Results from our previous studies have demonstrated regulatory effects of estradiol on human gonadotropin-releasing hormone (GnRH) gene expression in human placental cells. The present study was designed to determine the molecular mechanisms whereby estrogens regulate the human GnRH gene expression in the placenta. The effects of estradiol on human GnRH upstream promoter activity in JEG-3 cells depends on the amounts of estrogen receptor (ER) alpha expression vector co-transfected, with the maximal effect obtained at the amount of 1.0 microg of ER expression vector cotransfected. Estriol, an isoform of estradiol, also possesses a regulatory effect on the upstream promoter activity, while estrone, another isoform, does not. Serial deletion studies revealed two estrogen responsive elements in the GnRH upstream promoter region. One element (-987 to -968 bp, E4 element) confers a negative estradiol response, while another one (-827 to -730 bp) is responsible for a positive estradiol effect. Replacement of these two elements with unrelated DNA sequences could abolish the responsiveness to estradiol treatment. Furthermore, footprinting and gel shift assays demonstrated that nuclear protein from estradiol-treated JEG-3 cells, but not from control cells, could bind to a 41 bp DNA fragment (-824 to -784 bp) within the estrogen positive responsive element. Results of gel-shift assay demonstrated that other protein(s) might also be involved in interacting the E4 element to mediate the negative effect of estradiol on the hGnRH upstream promoter activity in JEG-3 cells.

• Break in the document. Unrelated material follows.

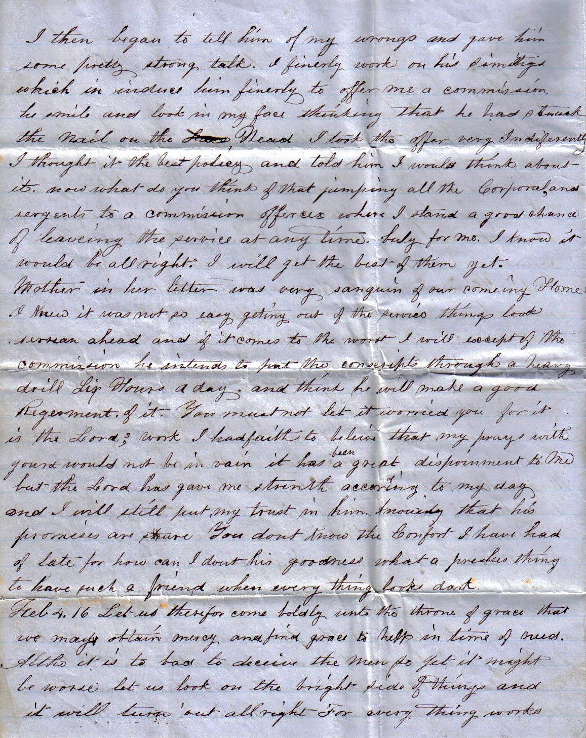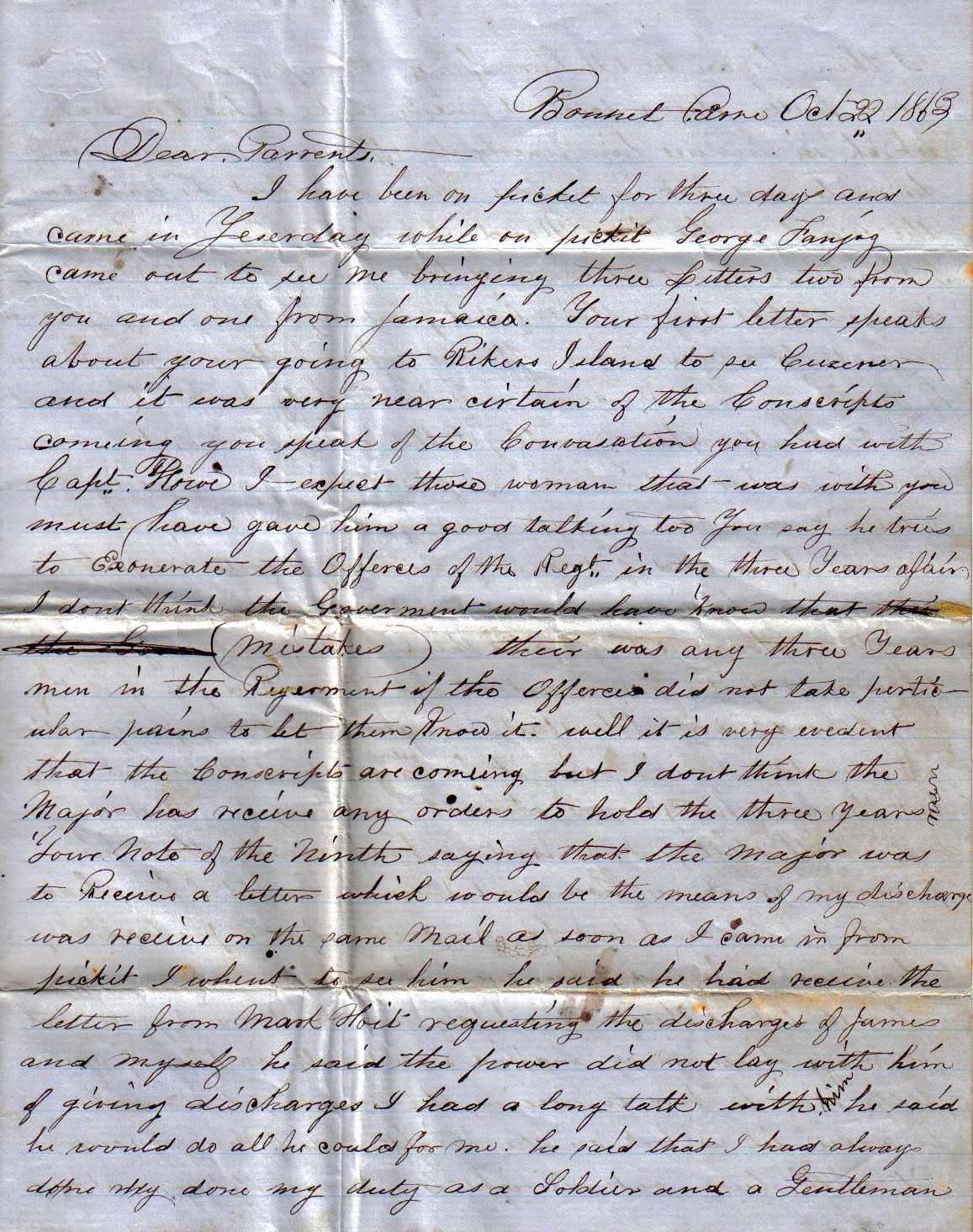 I have been on picket for three days and came in yesterday. While on picket George Fanjoy came out to see me, bringing three letters, two from you and one from Jamaica. Your first letter speaks of your going to Riker’s Island to see Curner and it was very near certain of the conscripts coming. You speak of the conversation you had with Capt. Howe. I expect that those women that were with you must have given him a good talking to. You say he tries to exonerate the officers of the Regiment in the three-year affair. I don’t think the government would have known that there were any three-year men in the Regiment if the officers did not take particular pains to let them know it. Well, it is very evident that the conscripts are coming but I don’t think the Major has received any orders to hold the three-year men. Your note of the Ninth saying the Major was to receive a letter which would be the means of my discharge was received on the same mail as soon as I came in from picket. I went to see him. He said he had received the letter from Mark Hoit requesting the discharges of James and myself. He said the power did not lay with him of giving discharges. I had a long talk with him. He said he would do all he could for me. He said I had always done my duty as a soldier and a gentleman. I then began to tell him of my wrongs and gave him some pretty strong talk. I finally worked on his sympathies which induced him finally to offer me a commission. He smiled and looked in my face thinking he had struck the nail on the head. I took the offer very indifferently. I thought it the best policy and told him I would think about it. Now what do you think of that – jumping all the corporals and sergeants – to be a commissioned officer when I stand a good chance of leaving the service at any time? Bully for me! I know it would be all right. I will get the best of them yet. Mother in her letter was very sanguine about our coming home. I knew it was not so easy getting out of the service. Things look certain ahead and if it comes to the worst I will accept the commission. He intends to put the conscripts through a heavy drill of six

Estrogen down-regulates GnRH gene expression in human placental cytotrophoblast cells

This study aims at investigating and characterizing GnRH gene expression and regulation in human placental cytotrophoblasts by estradiol. RT-PCR analysis demonstrates that the cytotrophoblasts expressed the pro-GnRH gene. PCR with two pairs of oligonucleotide primers generated doublets 870 bases apart at the expected molecular weights, indicating that the upstream and downstream transcriptional start sites of the GnRH gene were utilized and that transcripts with and without intron I were both produced. In human placental cytotrophoblasts, the upstream transcription start site of GnRH gene was the major one and gave rise to an mRNA level three times higher than the downstream start site. RT-PCR assay also revealed that estradiol downregulated the expression of GnRH gene in human cytotrophoblasts. Estradiol at the concentration of 10nM led to a significant (50%) reduction in the mRNA from the upstream transcription start site. Such downregulation was dose-dependent and abolished by the addition of an estrogen antagonist, ICI, indicating that the gene expression was mediated by estrogen receptors. Furthermore, downregulation of GnRH gene expression by estradiol has also been confirmed by luciferase assay.